VIEWPOINT

Vol. 139 No. 1629 |

DOI: 10.26635/6965.7297

Is a clinician-researcher career viable in New Zealand?

Recently the Health Research Council of New Zealand (HRC) announced that they would prioritise 2026 Project Grant applications that enhanced the development of clinician-researchers. This welcome change led us to ask whether a clinician-researcher career is currently viable in New Zealand.

Full article available to subscribers

Recently the Health Research Council of New Zealand (HRC) announced that they would prioritise 2026 Project Grant applications that enhanced the development of clinician-researchers.1 This welcome change led us to ask whether a clinician-researcher career is currently viable in New Zealand. Our short answer is “No”, but the longer, more nuanced version is not if you want to do continuous, consistent, adequately powered, publicly funded, investigator-led clinical research with meaningful end points that inform clinical care.
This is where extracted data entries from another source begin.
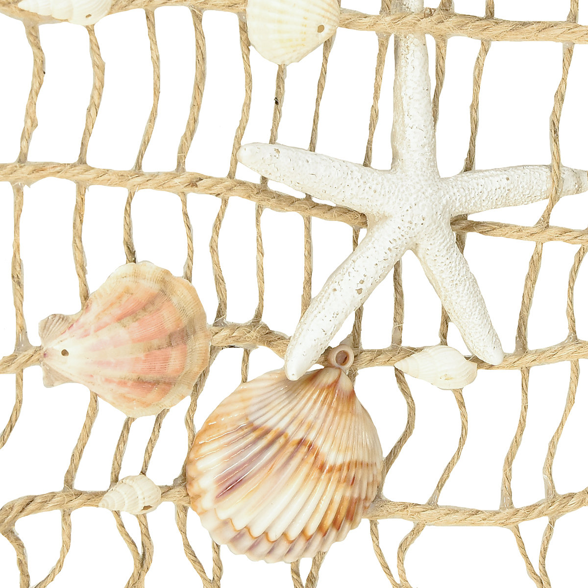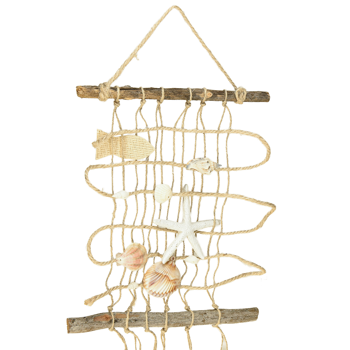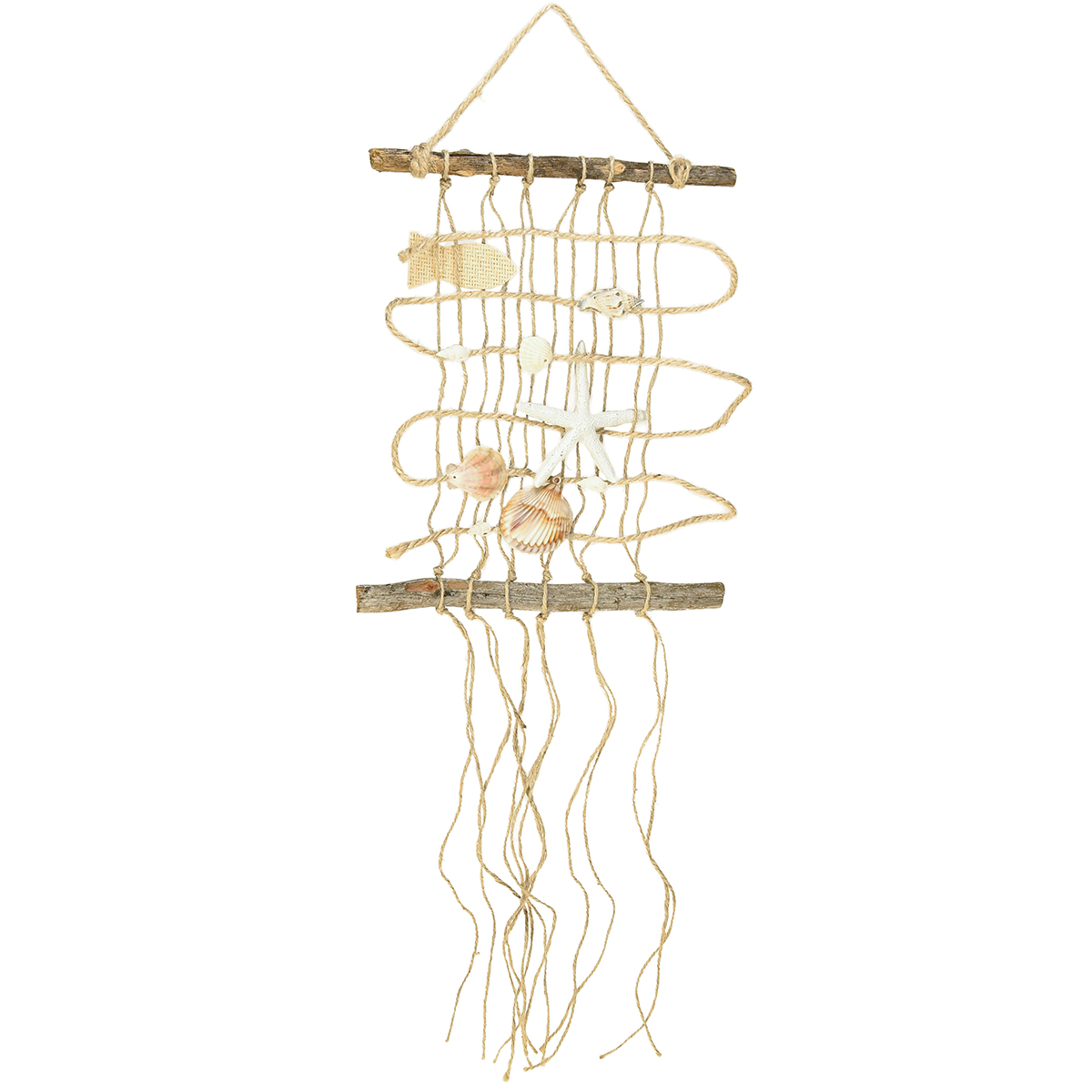 Rete da pesca in iuta con conchiglie, decorazione murale marittima 25×55cm
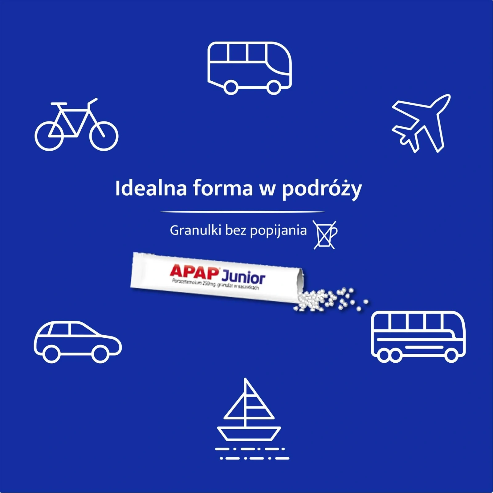 • APAP Junior jako substancję czynną zawiera paracetamol o działaniu przeciwbólowym i przeciwgorączkowym.
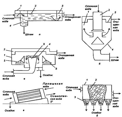 Отстаивание является довольно простым, эффективным, требующим малых энергетических затрат процессом очистки сточных вод, для удаления оседающих или всплывающих грубодисперсных веществ, при помощи песколовок, отстойников и осветлителей. На рисунке 1.3 изображены виды отстойников.
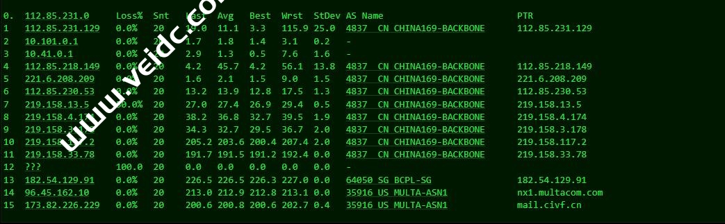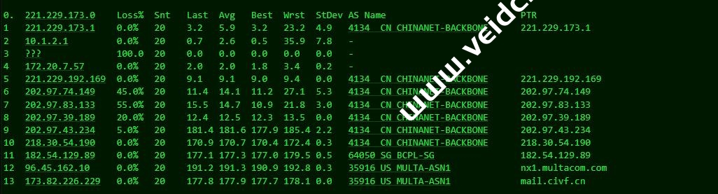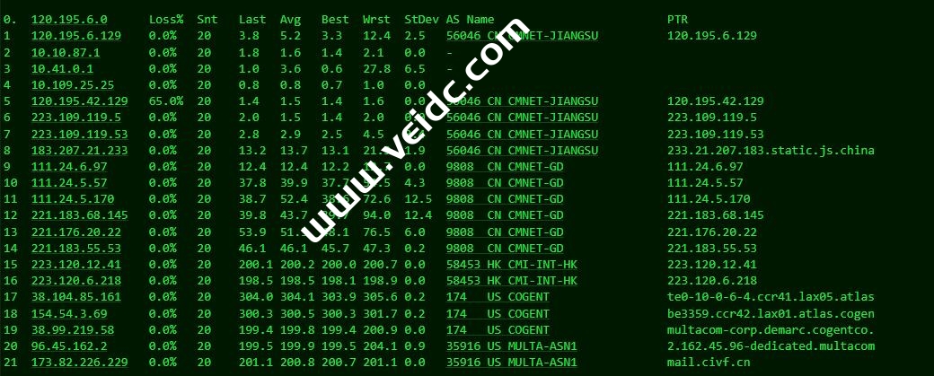 [Info] 测试路由 到 上海电信(天翼云) 中 ... traceroute to 101.227.255.45 (101.227.255.45), 30 hops max, 32 byte packets 1 1-226-82-173-dedicated.multacom.com (173.82.226.1) 0.78 ms AS35916 美国, 加利福尼亚州, 洛杉矶, multacom.com 2 multacom.com (96.45.162.9) 1.16 ms AS35916 美国, 加利福尼亚州, 洛杉矶, multacom.com 3 182.54.129.88 0.53 ms AS64050 美国, 加利福尼亚州, 洛杉矶, bgp.net 4 218.30.54.189 0.68 ms AS4134 美国, chinatelecom.com.cn, 电信 5 * 6 202.97.12.185 173.59 ms AS4134 中国, 上海, chinatelecom.com.cn, 电信 7 * 8 * 9 * 10 * 11 * 12 * 13 * 14 * 15 * 16 * 17 * 18 * 19 * 20 * 21 * 22 * 23 * 24 * 25 * 26 * 27 * 28 * 29 * 30 * [Info] 测试路由 到 上海电信(天翼云) 完成 ! [Info] 测试路由 到 厦门电信CN2 中 ... traceroute to 117.28.254.129 (117.28.254.129), 30 hops max, 32 byte packets 1 1-226-82-173-dedicated.multacom.com (173.82.226.1) 0.82 ms AS35916 美国, 加利福尼亚州, 洛杉矶, multacom.com 2 multacom.com (96.45.162.9) 0.85 ms AS35916 美国, 加利福尼亚州, 洛杉矶, multacom.com 3 ae-41.a00.lsanca07.us.bb.gin.ntt.net (129.250.205.121) 0.65 ms AS2914 美国, 加利福尼亚州, 洛杉矶, ntt.com 4 ae-9.r25.lsanca07.us.bb.gin.ntt.net (129.250.2.117) 3.35 ms AS2914 美国, 加利福尼亚州, 洛杉矶, ntt.com 5 ae-12.r31.tokyjp05.jp.bb.gin.ntt.net (129.250.3.192) 102.98 ms AS2914 日本, 东京都, 东京, ntt.com 6 ae-1.a01.tokyjp09.jp.bb.gin.ntt.net (129.250.7.62) 107.90 ms AS2914 日本, 东京都, 东京, ntt.com 7 xe-1-4-0-1.a01.tokyjp09.jp.ce.gin.ntt.net (117.103.177.106) 107.58 ms AS2914 日本, 东京都, 东京, ntt.com 8 59.43.186.185 134.19 ms * 中国, 上海, chinatelecom.com.cn, 电信 9 * 10 59.43.130.213 143.75 ms * 中国, 上海, chinatelecom.com.cn, 电信 11 59.43.138.186 205.36 ms * 中国, 福建, chinatelecom.com.cn, 电信 12 * 13 * 14 * 15 117.28.254.129 207.13 ms AS4809 中国, 福建, 厦门, chinatelecom.com.cn, 电信 [Info] 测试路由 到 厦门电信CN2 完成 ! [Info] 测试路由 到 浙江杭州联通 中 ... traceroute to 101.71.241.238 (101.71.241.238), 30 hops max, 32 byte packets 1 1-226-82-173-dedicated.multacom.com (173.82.226.1) 11.22 ms AS35916 美国, 加利福尼亚州, 洛杉矶, multacom.com 2 multacom.com (96.45.162.9) 0.75 ms AS35916 美国, 加利福尼亚州, 洛杉矶, multacom.com 3 los-edge-07.inet.qwest.net (65.153.29.221) 0.41 ms AS209 美国, 加利福尼亚州, 洛杉矶, centurylink.com 4 los-edge-08.inet.qwest.net (67.14.22.202) 0.50 ms AS209,AS6223,AS6224 美国, 加利福尼亚州, 洛杉矶, centurylink.com 5 * 6 4.69.209.165 8.62 ms AS3356 美国, 加利福尼亚州, 圣何塞, level3.com 7 CHINA-UNICO.edge1.SanJose3.Level3.net (4.53.209.78) 176.63 ms AS3356 美国, 加利福尼亚州, 圣何塞, level3.com 8 219.158.116.237 186.43 ms AS4837 中国, 上海, chinaunicom.com, 联通 9 219.158.19.78 196.22 ms AS4837 中国, 上海, chinaunicom.com, 联通 10 219.158.19.81 161.63 ms AS4837 中国, 上海, chinaunicom.com, 联通 11 219.158.106.122 171.81 ms AS4837 中国, 浙江, 杭州, chinaunicom.com, 联通 12 101.71.244.90 172.26 ms AS4837 中国, 浙江, 杭州, chinaunicom.com, 联通 13 * 14 * 15 * 16 * 17 * 18 * 19 * 20 * 21 * 22 * 23 * 24 * 25 * 26 * 27 * 28 * 29 * 30 * [Info] 测试路由 到 浙江杭州联通 完成 ! [Info] 测试路由 到 浙江杭州移动 中 ... traceroute to 112.17.0.106 (112.17.0.106), 30 hops max, 32 byte packets 1 1-226-82-173-dedicated.multacom.com (173.82.226.1) 0.80 ms AS35916 美国, 加利福尼亚州, 洛杉矶, multacom.com 2 multacom.com (96.45.162.9) 1.30 ms AS35916 美国, 加利福尼亚州, 洛杉矶, multacom.com 3 china-mobile.as58453.any2ix.coresite.com (206.72.210.219) 0.90 ms AS9009 美国, 加利福尼亚州, 洛杉矶, coresite.com 4 223.120.6.17 1.02 ms AS58453 美国, 加利福尼亚州, 洛杉矶, chinamobile.com, 移动 5 223.120.13.46 181.75 ms AS58453 中国, 上海, chinamobile.com, 移动 6 221.183.55.30 181.54 ms AS9808 中国, 上海, chinamobile.com, 移动 7 221.183.25.189 190.37 ms AS9808 中国, 上海, chinamobile.com, 移动 8 221.176.22.9 226.18 ms AS9808 中国, 上海, chinamobile.com, 移动 9 111.24.3.93 182.45 ms AS9808 中国, 上海, chinamobile.com, 移动 10 221.183.10.6 190.29 ms AS9808 中国, 浙江, 杭州, chinamobile.com, 移动 11 * 12 117.148.185.110 217.00 ms AS56041 中国, 浙江, 杭州, chinamobile.com, 移动 13 218.205.87.13 204.42 ms AS56041 中国, 浙江, 杭州, chinamobile.com, 移动 14 * 15 * 16 * 17 * 18 * 19 * 20 * 21 * 22 * 23 * 24 * 25 * 26 * 27 * 28 * 29 * 30 * [Info] 测试路由 到 浙江杭州移动 完成 ! [Info] 测试路由 到 北京教育网 中 ... traceroute to 202.205.6.30 (202.205.6.30), 30 hops max, 32 byte packets 1 1-226-82-173-dedicated.multacom.com (173.82.226.1) 0.83 ms AS35916 美国, 加利福尼亚州, 洛杉矶, multacom.com 2 multacom.com (96.45.162.9) 0.78 ms AS35916 美国, 加利福尼亚州, 洛杉矶, multacom.com 3 china-mobile.as58453.any2ix.coresite.com (206.72.210.219) 1.10 ms AS9009 美国, 加利福尼亚州, 洛杉矶, coresite.com 4 223.120.6.17 0.94 ms AS58453 美国, 加利福尼亚州, 洛杉矶, chinamobile.com, 移动 5 * 6 223.120.3.86 156.10 ms AS58453 中国, 香港, chinamobile.com, 移动 7 223.119.81.94 154.23 ms AS58453 中国, 香港, chinamobile.com, 移动 8 101.4.114.181 197.84 ms AS4538 中国, 北京, edu.cn, 教育网 9 * 10 * 11 101.4.118.213 189.64 ms AS4538 中国, 北京, edu.cn, 教育网 12 101.4.113.110 187.11 ms AS4538 中国, 北京, edu.cn, 教育网 13 219.224.102.230 188.83 ms AS4538 中国, 北京, edu.cn, 教育网 14 * 15 * 16 * 17 * 18 * 19 * 20 * 21 * 22 * 23 * 24 * 25 * 26 * 27 * 28 * 29 * 30 101.4.130.54 188.95 ms AS4538 中国, 北京, edu.cn, 教育网 [Info] 测试路由 到 北京教育网 完成 ! [Info] 四网路由快速测试 已完成 !

Here we describe why we think such a clinician-researcher career is not feasible. We will focus on doctors in hospital medical practice, but the same arguments broadly apply to all clinicians whether they work in private practice or primary care, or whether they are other health professionals. We will take as our starting point a doctor who has completed their medical specialty training and undertaken and completed a PhD or similar academic degree. They would likely be 30–35 years old, and thus a sustained career as an independent researcher would last 30–35 years.

Clinical research backgrounds

Our views are informed by our experience. We have conducted clinical research continuously in Auckland alongside clinical roles of at least 0.5 FTE in endocrinology (and general medicine initially) for 25 years (AG, total 29 years) and 22 years (MB). Our salaries were funded throughout by an academic position at The University of Auckland (AG) and external funding solely (grants, fellowships, scholarships, MB). Collectively, we have applied for numerous grants, been the principal investigator (PI) on four HRC project grants, co-investigators on three HRC programme grants and been awarded a number of other national and local research grants. We have not been investigators in industry-funded trials. Collectively, we have more than 450 publications in peer-reviewed journals, including >20 randomised controlled trials, >20 systematic reviews or meta-analyses and >100 original clinical research articles. AG stepped away from leading clinical trials or being the PI for research that required specific funding in mid-career for many of the reasons discussed below. MB has now largely exhausted the possibilities for a fully funded research salary from external funding. We both were lucky at the outset to join an established, very successful research group, which gave us opportunities that a researcher looking to start a group or move into a new field would not have.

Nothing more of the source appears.